What a lovely expression that is: the Big Five (not, I hasten to add, the Famous Five, who were more useful in fighting all sorts of national and international baddies, as I recall).
It is redolent of early twentieth century and inter-war politics. Then it became the Big Three, then the two Superpowers and then there was one with the EU aspiring to be the other and so on.
The Big Five in this case are Britain, France, Germany, Italy and Spain and their interior ministers met this week in Granada to co-ordinate the fight against terrorism. One wonders whether Charles Clarke regaled them with his own tales of woe at the stroppy House of Lords that would not let him pass whatever legislation he wanted in whatever form he wanted.
Anyway, they met in Granada and came to various agreements: to co-ordinate their approach to North African countries in order to be able to deport terror suspects back to their homeland. Actually, the French seem to be doing this already without any co-ordination and a goodly number of the terror suspects in Britain are not from North Africa. But never mind, it’s the thought that counts.
Agreement was reached on better sharing of information on such matters as fingerprinting, DNA, ballistics, criminal intelligence, stolen vehicle and identity theft. The precise method of sharing this information will be decided by a panel of experts to be set up, though the principle of it all was agreed by the ministers at the meeting.
There will be further work to develop exchange of information on people suspected of activities related to terrorism and on sharing information about air passenger movement.
There may be joint action to shut down websites of fanatical groups. This is a little ominous as the definition of fanatical is rather vague. If they mean terrorist then this may be the right time for France and Spain to stop pandering to some of their own Islamic groups and recognize Hizbollah and Arab Jihad as just that.
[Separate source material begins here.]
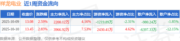 资金流向数据方面,本周祥龙电业主力资金合计净流入6167.05万元,游资资金合计净流入1210.52万元,散户资金合计净流出7377.56万元。本周资金流向一览见下表:

One cannot help asking: were there no exchanges of information between police forces in the past before the great and good Javier Solana came along and demanded greater co-ordination of activity? Was Interpol not operative? In fact, why do we never hear that word in these discussions?
Could it be that all these agreements have nothing to do with the fight against terrorism and everything with the ongoing attempts to integrate police and judicial activity across the European Union?